It’s no secret several Fed officials favor a more aggressive Fed stance solely off the back of inflation shortfalls. The Fed leaned on this to justify the Pivot and clearly, it’s incorporated in many of the discussions related to the current risk management endeavor. Clarida’s favorite metric for inflation is the 5-year forward, 5-year break-even: lately declining again and back down toward 2016 levels.
The Fed still has room on the inflation side, although likely not much if the data holds up next month. Core PCE released today is running around 1.8%. So, still missing the Fed’s target but not by much and trending slightly higher.
In general, the data still presents consistent with the theme of late: manufacturing weak and consumer still holding up. Keep in mind, data now means global data short-term. So, focus still on data abroad and the outcome of the trade discussions in the coming weeks for Fed pricing.
Conversely, article this week from Chicago Fed President Evans. Evans has been on the dovish side, while expressing views this week the Fed is in a good place after two cuts this year. Open to more, yet sounding very much like he’s done for 2019.
Current pricing of a 50% chance of another 25-basis point cut in October seems rational all things considered. The next few weeks will offer more as we get closer to the meeting.
With the short-term distortions in the US funding market less, the long end of the US curve is looking for a new catalyst. Given the most recent price action (August-September), we are viewing the broader range in 10-year notes to be 1.50-2.00%.

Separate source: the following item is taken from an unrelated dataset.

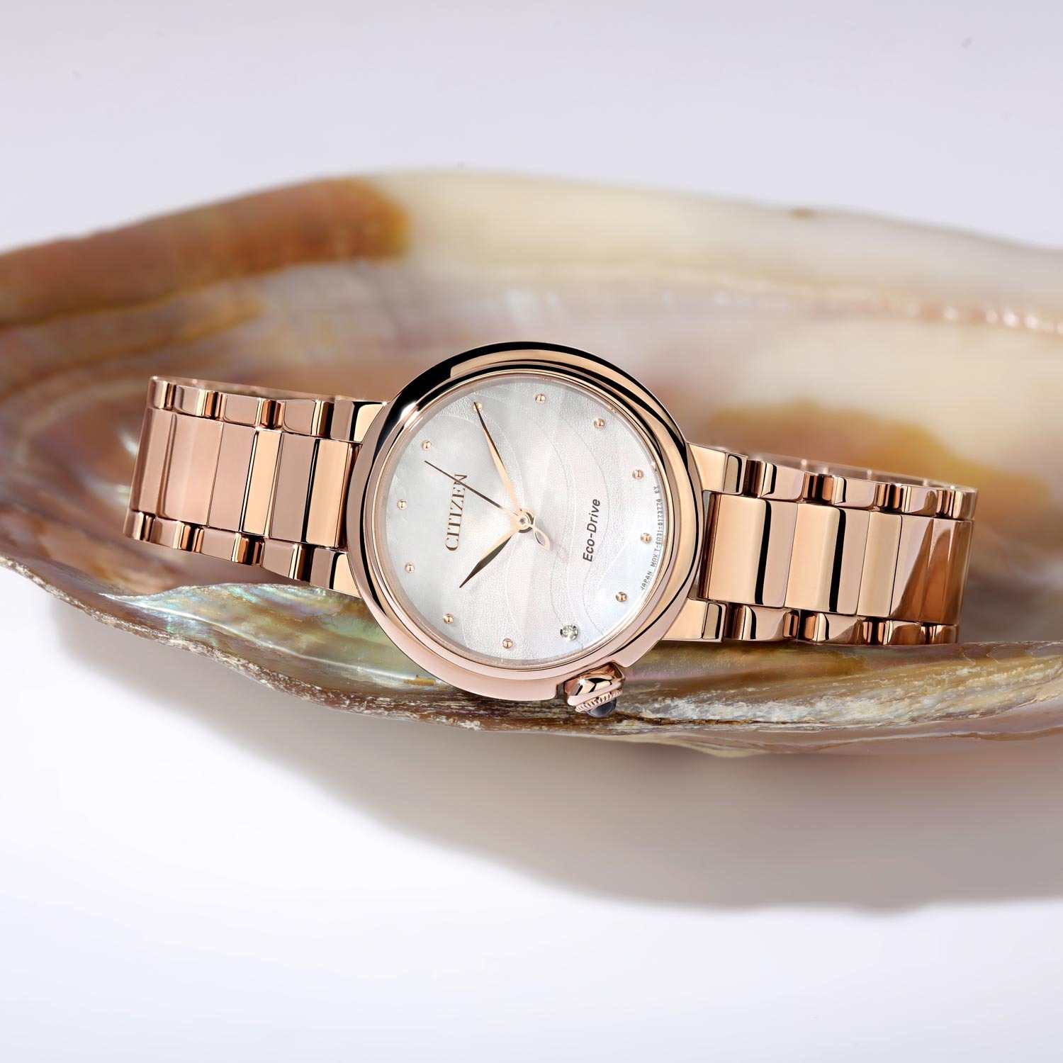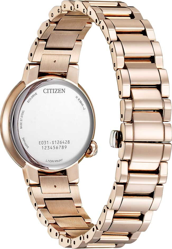Часы Citizen EM0912-84Y — воплощение изысканности и современных технологий, выполненное в Японии. Корпус и литой браслет изготовлены из прочной нержавеющей стали с золотистым IP-покрытиемIP-покрытиеМетод ионного напыления. Демонстрирует повышенную устойчивость к истиранию, окислению и химическим веществам. Под воздействием высокого давления и температуры около 1500°C молекулы металла надёжно соединяются с частицами корпуса часов., что гарантирует долговечность и элегантный внешний вид. Перламутровый розовый циферблат с завораживающими переливами украшен бриллиантом, а часовые метки выполнены в виде точек, что придаёт образу особую утонченность. Заводная головка с защитой находится в положении 8 часов и также украшена камнем. Защиту от царапин обеспечивает сапфировое стеклоСапфировое стеклоПрочный и надёжный материал из кристалла сапфира синтетического происхождения, характеризующийся особой твёрдостью и устойчивостью к царапинам и повреждениям., сохраняющее безупречный вид часов на длительное время. Модель оснащена инновационной системой Eco-Drive, работающей на солнечной энергии и не требующей замены батарейки, с запасом хода до 180 дней. Предусмотрена функция индикации уровня заряда (EOLEOLПредставляет собой систему, уведомляющую владельца часов о необходимости замены элемента питания. За 2 недели до полного разряда батарейки секундная стрелка перестаёт ходить чётко и начинает перепрыгивать на 3-4 деления.) и предотвращения перезарядки. Диаметр корпуса составляет 30 мм, толщина — 8,5 мм, вес — 74 г, что обеспечивает комфортное ношение в течение всего дня. Водозащита уровня 50WR позволяет не снимать часы при мытье рук или в дождливую погоду. Браслет с застежкой «бабочка»Застёжка "бабочка"Такой вид застёжки дополняется предохранителями, помогающими избежать случайного раскрытия браслета. Обладают изящным исполнением. обеспечивает дополнительный комфорт и безопасность при носке. Эта модель станет не только стильным аксессуаром, но и символом безупречного вкуса и внимания к деталям.

In general, we still feel the bigger driver in rates will be potential for real, substantive progress on the trade front. Not going to be a complete deal, but real progress needed.
“And progress on the trade front can very well still coincide with more Fed easing. The global data is still very weak and damage has already been done.”
Powell was very clear the Fed will be watching the data closely and that includes global. In other words, this doesn’t have to be an outcome where the trade war subsides and central bank liquidity immediately ends. We have no doubt the Fed would factor it in, but again Powell was clear China is not the only variable.
In general, 10-year notes continue to gravitate toward 1.70%. From a directional basis, levels don’t offer much but we suspect over the next few weeks a reason will surface to make a run at one of the broader range levels (1.50/1.90) Looking at the yield curve, the same story: very stable.
The market is looking for the next catalyst. And as we move into October the trade negotiations, impeachment developments, Brexit and global data will provide a new catalyst for the next move to the range extremes. And right now it feels like 1.50% will be the winner in 10-year space.